Inspiration

Climate impacts aren’t shared equally. Some regions can invest in adaptation, while others face floods, droughts, and pollution with limited resources.
We wanted a clear, data-driven way to show where climate risk, poor infrastructure, and socioeconomic vulnerability intersect—and to help direct funding where it’s needed most.

What it does

AI Equity Mapper is an interactive Mapbox web app that visualizes climate inequality across regions using open data sources like ASDI ERA5, OpenAQ, Ookla and the World Bank.
It computes a unified Climate Inequality Index (CII) on a 0–1 scale:

CII = (0.30 × Climate Risk) + (0.25 × (1 – Infrastructure Access)) + (0.25 × Socioeconomic Vulnerability) + (0.20 × Air Quality)

How we built it

  • ETL (Python): Fetch and normalize datasets (ASDI, ERA5, OpenAQ, Ookla ,World Bank), compute CII, and export results to Supabase.
  • Database: Supabase (PostgreSQL + PostGIS) with automated upsert scripts.
  • Frontend: React.js (TypeScript) + Mapbox GL + Tailwind CSS for visualization and interaction.
  • Deployment: Lovable Cloud for full-stack hosting and continuous integration.

Challenges we ran into

Fragmented APIs: requiring custom fallbacks to fetch data by location. Data heterogeneity: Combining climate, infrastructure, and socioeconomic datasets with different spatial resolutions. Normalization logic: Designing consistent scaling so that all indicators contribute fairly to CII. Real-time integration: Making the pipeline lightweight enough to refresh daily without hitting API limits.

Accomplishments that we're proud of

  • Built a huge full end-to-end pipeline from open data to visualization. Scale: Successfully integrated a lot of regions across 205 countries with real geographic boundaries
  • Created a clean, interpretable CII metric grounded in real environmental and socioeconomic data.
  • Designed a responsive map UI showing top critical regions in real time.
  • Integrated automatic Supabase updates through ETL scripts. -Prompt engineering is as critical as traditional programming—small wording changes dramatically affect output quality

What we learned

  • Transparent formulas and normalization are key to trust in data indices.
  • Handling geospatial data (CRS, topology, validation) is critical for accuracy.
  • Visual storytelling turns complex datasets into actionable insights. -Climate data is messy: Real-world datasets have gaps, outliers, and inconsistencies.

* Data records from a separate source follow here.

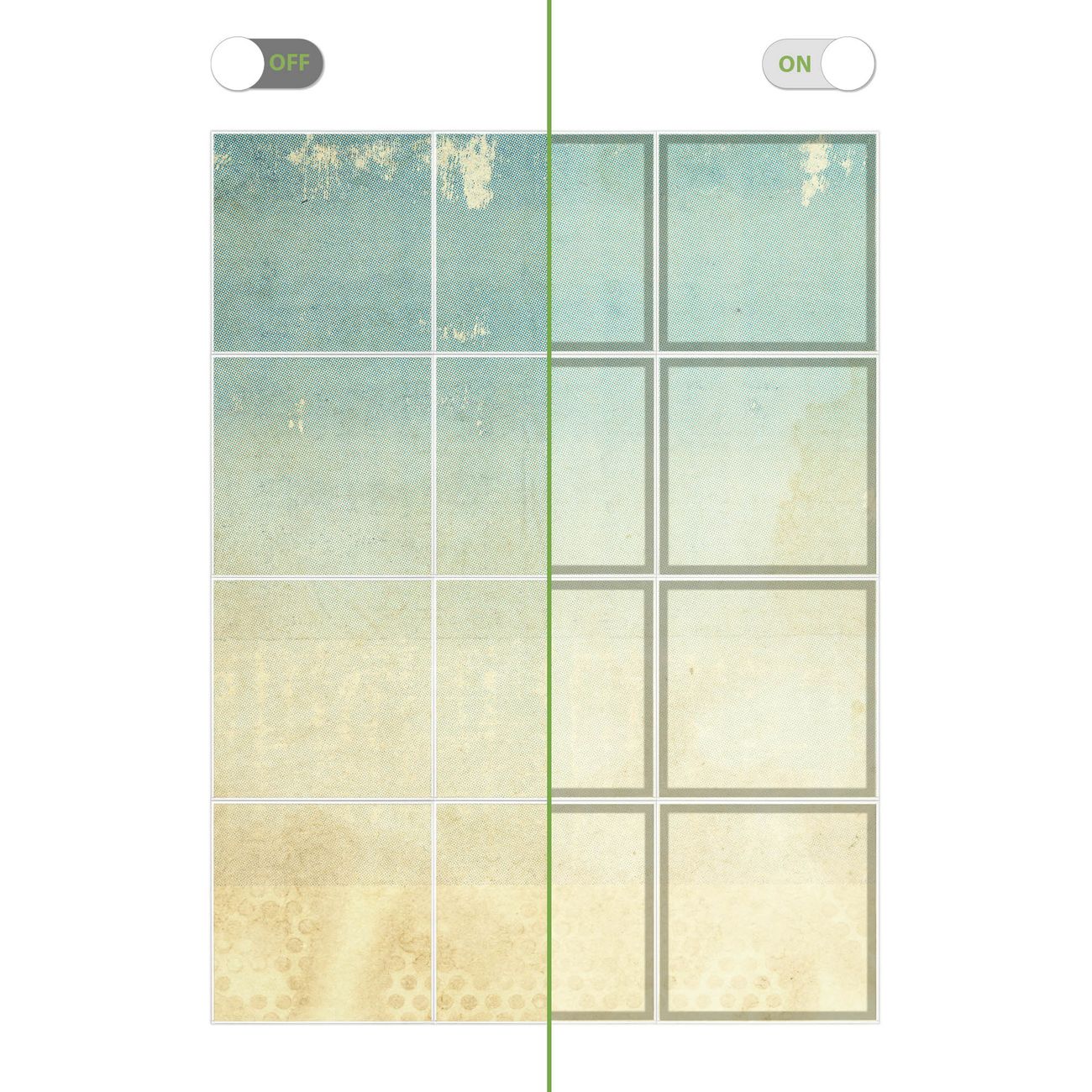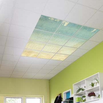 Entdecken Sie unsere vielseitigen Lichtdecken, hier in der Größe 186 x 248cm mit dem Motiv Motiv Patina Papier - Ihre Beleuchtungslösung für jede Umgebung Beleuchten Sie Ihren Raum nicht nur, sondern schaffen Sie Atmosphäre! Die banjado Lichtdecke verwandelt jeden Ort, ob zu Hause, in Praxen, Büros oder Studios in eine Wohlfühloase. Unsere einzelnen Elemente haben eine genormte Einheitsgröße von 62 x 62cm und können somit in jede gängige Rasterdecken verbaut werden. So finden Sie Ihre passende Ausführung: Gern helfen wir Ihnen, die passende Ausführung zu wählen. Hierfür muss die aktuelle Gegebenheit Ihrer Decke oder Wand beachtet werden. Haben Sie bereits eine Rasterdecke (auch Odenwalddecke genannt)? Hier bestellen Sie lediglich das Motiv + Beleuchtungspanel, denn beides wird in die bereits vorhandene Decke eingelegt. Haben Sie eine glatte Decke mit Lichtauslass oder möchten die Lichtdecke an der Wand befestigen? Hier bestellen Sie bitte Motiv + Beleuchtungspanel + Deckenbefestigung, eine Aufbauanleitung liegt immer bei. Die Lichtdecke kann sowohl an der Decke als auch an der Wand montiert werden, perfekt für kreative Lichtakzente oder alternative Beleuchtungslösungen. Haben Sie bereits eine Lichtdecke und möchten nur das Motiv wechseln? Hier bestellen Sie bitte nur Motiv, der Wechsel ist denkbar einfach. Der Aufbau Ihrer banjado Lichtdecke gestaltet sich unkompliziert, dank einer verständlichen Anleitung, die Ihnen Schritt für Schritt durch den Montageprozess hilft. Für die endgültige Installation und den sicheren Anschluss empfehlen wir die Hinzuziehung eines Fachmanns, um die optimale Funktion und Sicherheit Ihrer Beleuchtung zu gewährleisten. Falls Sie einen Fachmann für die Installation benötigen, geben Sie uns gern Bescheid, wir vermitteln Ihnen gern einen geeigneten Ansprechpartner aus Ihrer Nähe. Steuerung: Steigern Sie Ihr Beleuchtungserlebnis mit der nahtlosen Integration in Ihr Smart Home. Durch die Kompatibilität mit der SmartLife App, Alexa und Google Assistant wird Ihr Smartphone zur zentralen Steuerungseinheit. Ihr Handy fungiert hierbei sozusagen als Fernbedienung. Legen Sie individuelle Lichtszenen in der App fest, die bei Aktivierung über den Wand-Ein-/Ausschalter immer wieder abgerufen werden können ohne Handy. Mit der Szenenfunktion in der Smart App können Sie die Beleuchtung personalisieren und steuern, sodass sie auf Ihre individuellen Bedürfnisse, Tagesrhythmus und Stimmung zugeschnitten ist. Beispielsweise können Sie sich in der Morgendämmerung durch ein sanftes Licht wecken lassen oder das Licht der Praxis werktags um 7 Uhr automatisch einschalten lassen. Dieses kann dann natürlich auch zu einer bestimmten Zeit automatisch ausgeschaltet werden. Motivwahl: Diese einzigartige Lichtdecke zeichnet sich durch ihre Fähigkeit aus, die Lichtfarbe je nach gewähltem Motiv anzupassen - ein Baum wirft ein sanftes grünes Licht, während eine Wolkendecke Ihren Raum in ein beruhigendes blaues Leuchten hüllt. Berücksichtigen Sie dies bitte bei Ihrer Motivauswahl. Sie können das Motiv jederzeit ohne großen Aufwand austauschen, ob nach Jahreszeit oder anderem Anlass, unsere Auswahl lässt kaum Wünsche offen. Wir fertigen Ihnen gern eine personalisierte Lichtdecke mit einem eigenen Motiv oder Logo oder Foto, schreiben Sie uns jederzeit an. Technische Daten: Das Motiv ist auf einer 4mm starken Acrylglas Scheibe aufgebracht, das Gesamtgewicht Ihrer Ausführung beträgt 53,1kg. Die Farbtemperatur lässt sich frei einstellen von 3000 bis 6000 Kelvin, damit können Sie stufenlos zwischen warmweiß, neutralweiß und kaltweiß wählen. Die Gesamtleistung bei Ihrer gewählten Ausführung beträgt 480W. Der Lichtstrom beträgt 3600 Lumen, die Nennspannung 230 V. Die Lichtdecke ist mit Schutzart IP20 für den Innenbereich konzipiert und sollte nicht im Nassbereich verwendet werden.
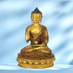 Crafted from premium solid brass, the statue ensures long-lasting durability and a natural shine that ages gracefully with time. The surface is finished with a golden antique polish, giving it a sacred and vintage look. Each piece is handmade and hand-engraved by Indian artisans, featuring intricate detailing of robes, lotus bases, and symbolic Buddhist motifs. This uniqueness makes every statue a collectible work of art.
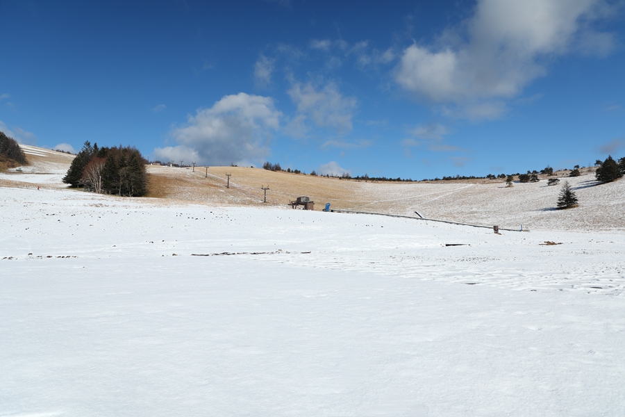 スキー場ボトムのファミリーコース(写真)にはしっとりとした雪が3~5cm積もっていました。シーズン中は同コース下部に子供専用の雪遊び場「アドベンチャーランド」がオープンします(※3歳以上の入場料は平日1,500円、土日祝2,500円)。ソリ専用ゲレンデやチュービングコース、沢山の遊具が置かれたエリアで構成される予定です。
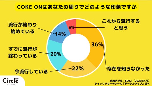 coke onはあなたの周りでどのような印象ですか?という質問に対して、これから流行すると思うと回答した人は6%、今流行していると回答した人22%、流行が終わり始めていると回答した人は14%、すでに流行が終わっていると回答した人は20%、存在を知らなかったと回答した人は36%でした。
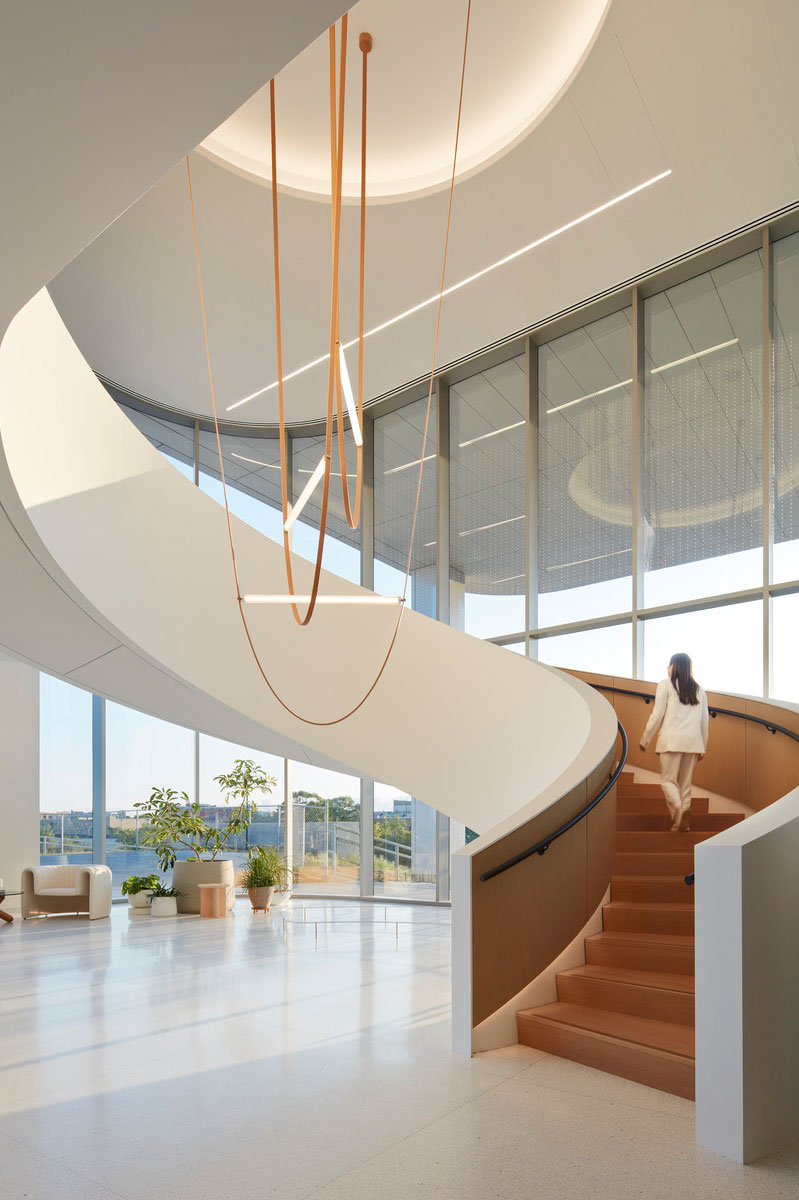 The stair itself is prefabricated in three steel sections, designed and engineered to be self-supported. “It’s a really beautiful art piece and a nod to the ingenuity and the thinking behind life sciences,” Mukoyama says.
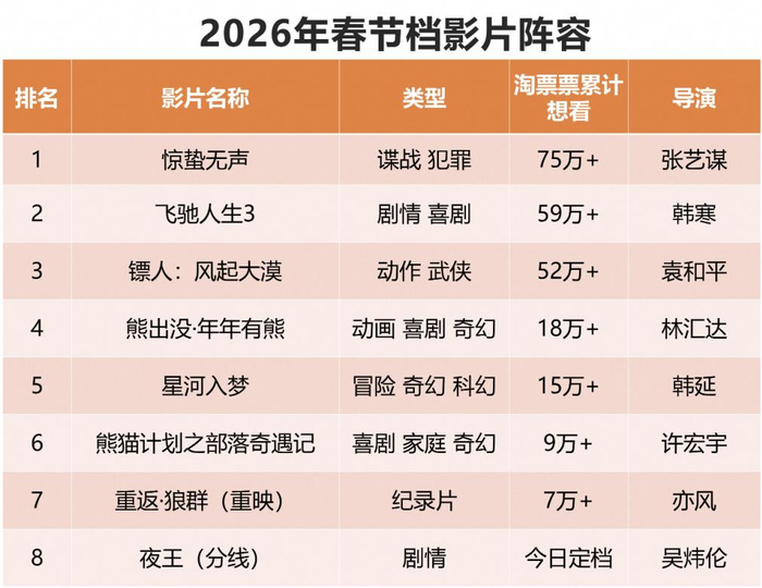 2026年春节档电影的宣传策略围绕差异化定位、影旅联动、情怀反差和价格补贴等多维度展开。今年春节档长达9天,汇聚了《飞驰人生3》《惊蛰无声》《熊出没·年年有熊》等8部类型各异的影片,预售票房已突破2亿元,但未出现绝对领跑者,使得精准宣传成为决胜关键。
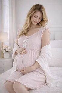 Koszula do karmienia Basia COALA w rozmiarze s- pudrowy róż w serduszka/groszki Koszulka do karmienia i na ciążę „Basia” - rozpinana na napy, pod biustem gumka, do której doszyty jest pomarszczony dół koszulki, świetnie mieści rosnący brzuszek, może również służyć jako szlafroczek. Dostępne rozmiary S-XXL Wymiary: S - Biust 90 cm, długość od ramienia 90 cm, M - Biust 92-94 cm, długość od ramienia 92 cm, L - Biust 96-98 cm, długość od ramienia 94 cm, XL - Biust 98-100 cm, długość od ramienia 94 cm, XXL- Biust 100-102 cm, długość od ramienia 96 cm, Skład : 100% bawełny, Polski Produkt
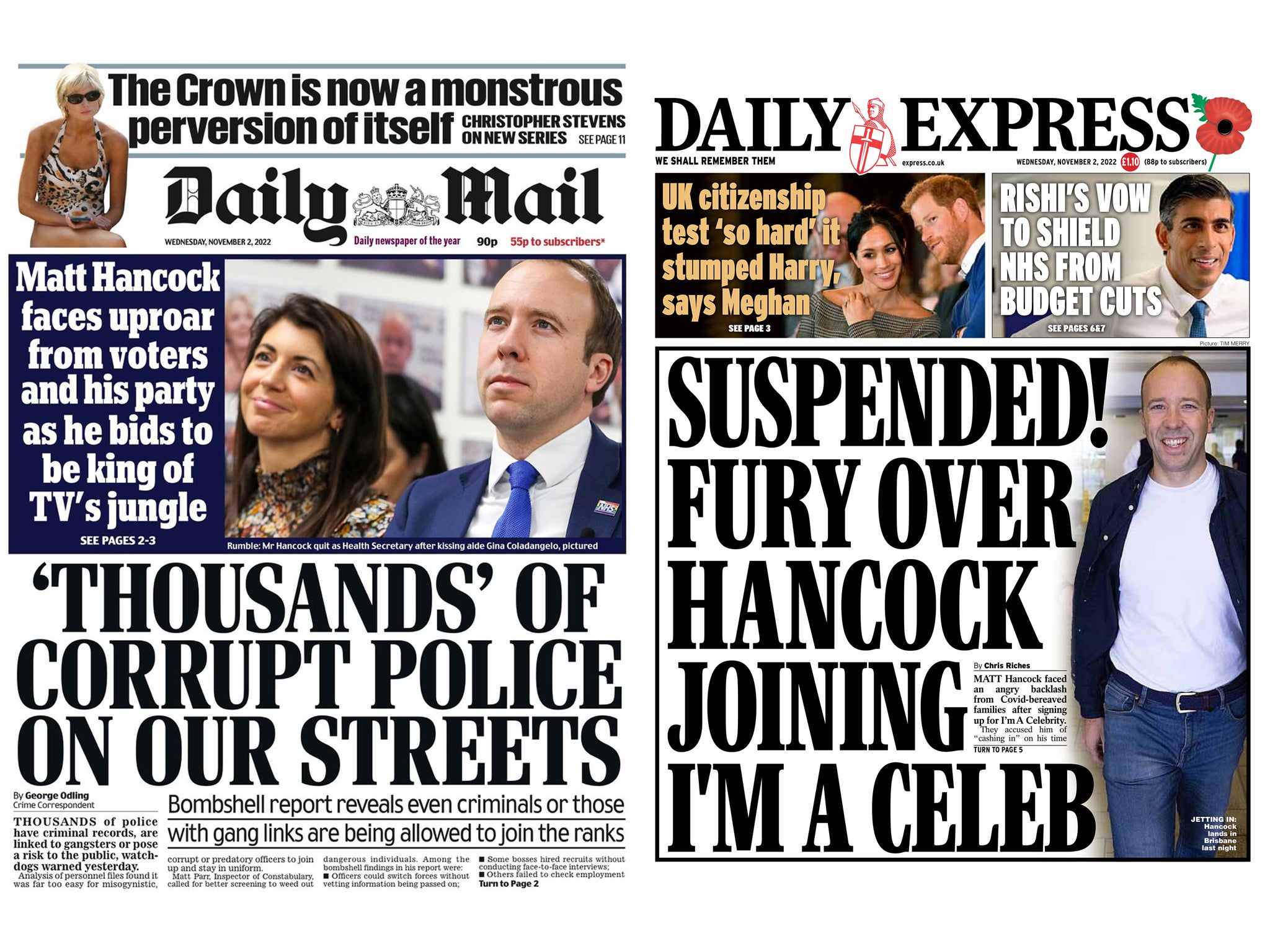Daily Mirror highlights the anger of the Tories and voters, while Daily Express points to Mr Hancock’s suspension from the parliamentary Conservative party.
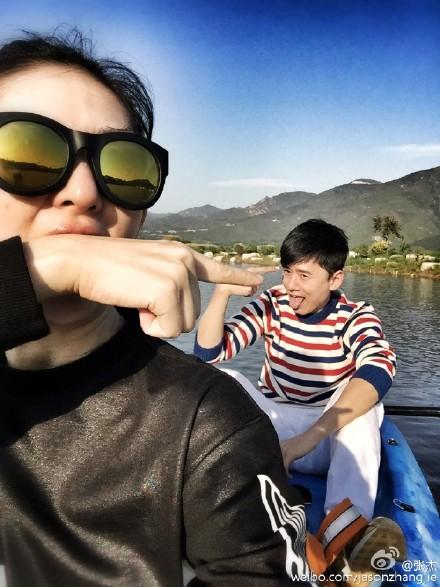 张杰和王力宏合影,王力宏不知在想啥,张杰坐在一旁看起来不高的样子。不过虽然张杰不
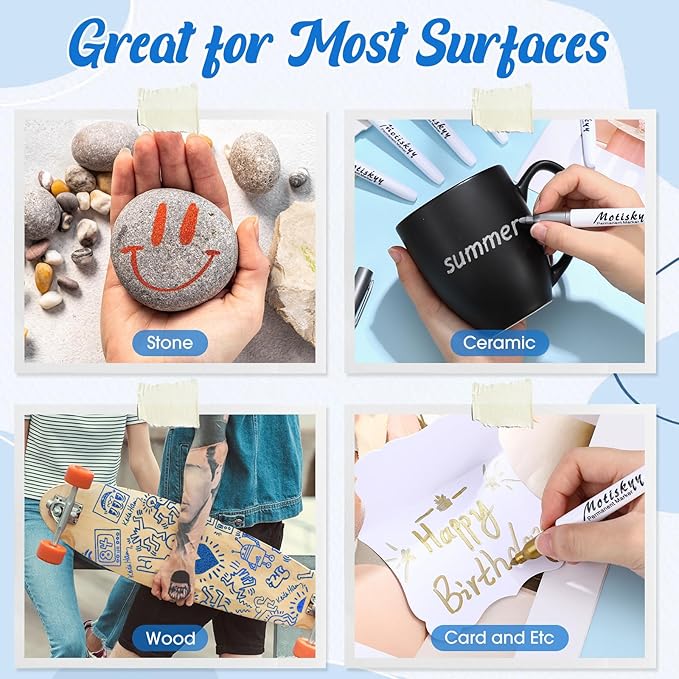 - Nice for Most Surfaces: these metallic markers work well on most surfaces, such as paper, wood, enamel, chalkboards, canvas, wood, brick, stone, glass, mirrors, windows, metal, plastic, ceramic, fabric, etc.; Decorate your clothes, gift bags, shoes, and personalize coasters, coffee mugs, journals and other crafts

What's next for AI Equity Mapper

Real-time stress testing: Stream in severe-weather alerts (Copernicus EDO, NASA GPM) and show how CII shifts during extreme events. Impact tracking: Partner with municipalities or NGOs to monitor CII before/after adaptation investments and surface ROI dashboards. Inequality analytics: Layer a Gini-style index over regional distributions to quantify how unevenly climate burdens fall within a country. Community feedback loop: Let local stakeholders contribute ground-truth updates (e.g., new flood defenses) that feed back into the index.